33. Pablo y Rosa. La Profecía

Carita de modosa, con las manos en el regazo.

– Lo que dice el Ayo, ¿es santa palabra?, -preguntó, aunque sabía la respuesta.

– Siempre, -y ella lo comentó sin la más mínima sombra de duda.

– Me cae bien tu abuelo, -afirmó Pablo, y era cierto.

– El Ayo es el mejor del mundo.

Puso una cara que hubiera deseado que se la pusiera a él.

– No lo dudo.

“Las babas, Pablo, las babas”, pensó durante unos instantes en los que creyó que era cierto.

– Ni tú, ni nadie que lo conozca.

Ya sacaba el genio.

– Y tú, ¿qué te cuentas?, -le preguntó, quería saber más de ella.

– Poco, hoy no nos han dejado ir al puesto, era en un pueblo, y la tía ni nos ha despertado, el Ayo nos pidió que nos quedáramos en casa.

Algunas veces parecía una niña pequeña.

– Os levantáis temprano, ¿no?

Pablo la miró, se derretía solo con verla.

– A las cuatro o las cinco, depende de donde vayamos.

Empezó a mover las manos, parecía que se le iban a salir.

Tenemos que montar el puesto, poner las prendas que se vean bonitas, sino no se venden, y dejarlo todo preparado para las nueve de la mañana.

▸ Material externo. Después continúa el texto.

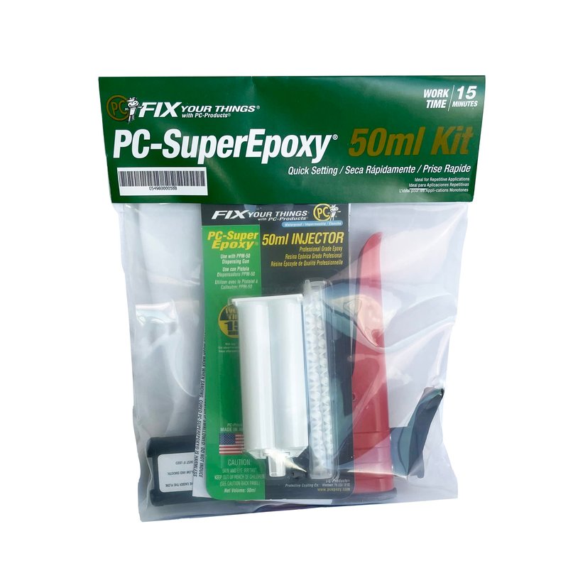 PC Products PC-Super Epoxy Adhesive Paste Kit, Two-Part with 50ml Cartridge and PPM-50 Dispensing Gun, Translucent 588
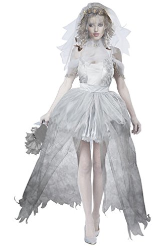 • The Ghostly Bride costume includes a white and grey mini dress with off the shoulder sleeves, tattered mesh overskirt, veil and neck piece.

– ¿Todos los días?, -preguntó Pablo extrañado.

– Si no llueve, sí.

Lo afirmó sin lugar a dudas.

– ¿Sábados y domingos?

 ¿Ni fin de semana iban a tener?

– Sí, son los mejores días, -asintió con la cabeza, como preguntándole a Pablo si era tonto.

– ¿Desde cuándo lo haces?

– Desde siempre, -suspiró Rosa.

– Tiene que ser agotador, -le respondió Pablo.

– Cansa, pero es muy bonito.

Rosa puso unos ojos soñadores, y Pablo vio lo que ella le estaba describiendo.

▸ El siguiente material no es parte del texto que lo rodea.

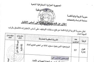 وزارة التربية الوطنية مديرية التربية لولاية تيسمسيلت ads إعلان عن توظيف تعلن مديرية التربية لولاية تيسمسيلت عن فتح مسابقة توظيف على أساس الاختبار المهني بعنوان 2025 لمناصب الشغل حسب ما هو مبين في الصور أدناه: اعلان عن مسابقة توظيف الإداريين بمديرية التربية اعلان توظيف …
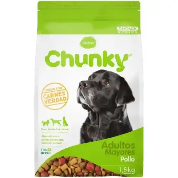 Chunky Adultos Mayores en presentación es un alimento especialmente diseñado para satisfacer las necesidades nutricionales de los perros mayores. Esta fórmula equilibrada y completa está elaborada con ingredientes de alta calidad para proporcionar el soporte nutricional necesario para mantener la salud y el bienestar de tu mascota durante esta etapa de su vida. Con su combinación específica de nutrientes Chunky Adultos Mayores es la opción ideal para cuidar a tu perro mayor.
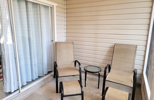 This one bedroom one bath condo located in a gated community has a spacious 1 story floor plan. It is tastefully decorated for your home away from home. This condo space is perfect for couples or small family of four or less. Our space is also perfect for the business traveler to work remotely, with extremely fast internet. The floor plan features a large living room with a dedicated dining area with table and four chairs, open kitchen, separate laundry area, spacious bedroom, and bathroom, with tub/shower combo and a screened porch. Bar area has two bar stools for you to enjoy a bite to eat. The couch has a pullout sleeper. Large Flat panel 49-inch HD TV in the living room and the bedroom have 32-inch flat-panel television. The screened porch has two loungers and a table and is a great place for your morning coffee. The washer and dryer are located in the laundry room. 1 car garage gives you an extra place to park your car.

– Mientras pones el puesto ves amanecer y se te pone la carne de piel de gallina, el aire se calma, y durante un momento estás en el cielo, no en el mercadillo, y mi prima Ange, es como mi hermana, un regalo, más que una hermana, la que no tengo, pero creo que así querría a mi hermana si tuviera una.

              Las babas se le caían a Pablo, pero seguía en su papel.

– ¿Y tus padres?

Se le escapó, pero ya estaba dicho.

              Agachó la cabeza, e inmediatamente se arrepintió de haberle hecho la pregunta.

– Lo siento si he preguntado algo que no debía.

Se disculpó de corazón.

– No, no, no tengo padre, y mi madre se murió cuando yo vine, el único padre que conozco es al Ayo, y a mis tíos que me han criado.

Rosita agachó los ojos, y la luz se apagó.

– Lo siento.

Y lo sentía realmente.

– No, no lo sientas, es así, es la verdad.

Lo miró con ojos lánguidos.

              Durante un instante Pablo sintió la necesidad de abrazarla, de protegerla, de impedir que cualquier mal momento pasara por su linda cabeza.

– Pero estoy bien, me gustaría haber conocido a mi madre, pero Dios la quería más que yo, y le doy gracias por tener al Ayo, y que me lleve a mí antes que a él.

– No digas eso, mujer, tu abuelo me parece que es de tronco de roble, como decimos en mi tierra, fuerte como un caballo.

              Levantó la cara y sus ojos se fijaron en los suyos, casi perdió la cabeza.

– ¿Y tú?

Le preguntó mirándolo fijamente.

– Yo…

Pablo tardó una eternidad en poder responder a su pregunta, estaba embobado.

– ¿Lo que haces te gusta?

Se quedó esperando su respuesta, como si le importara mucho.

– Todavía no te lo puedo asegurar, llevo una semana de Inspector, pero…sí, me gusta y mucho. Me gusta proteger, no me gusta que le hagan daño a nadie.

Era la pura verdad.

– Yo desde luego me sentiría protegida por alguien como tú.

¡Que mirada!, ¡que resplandor el de sus azules ojos! Sintió la voz, “Nunca permitiría que te pasara algo malo mientras estuviera con él, y al decirlo se sintió tan seguro como del hecho de que se estaba enamorando.

              Otro largo silencio incómodo.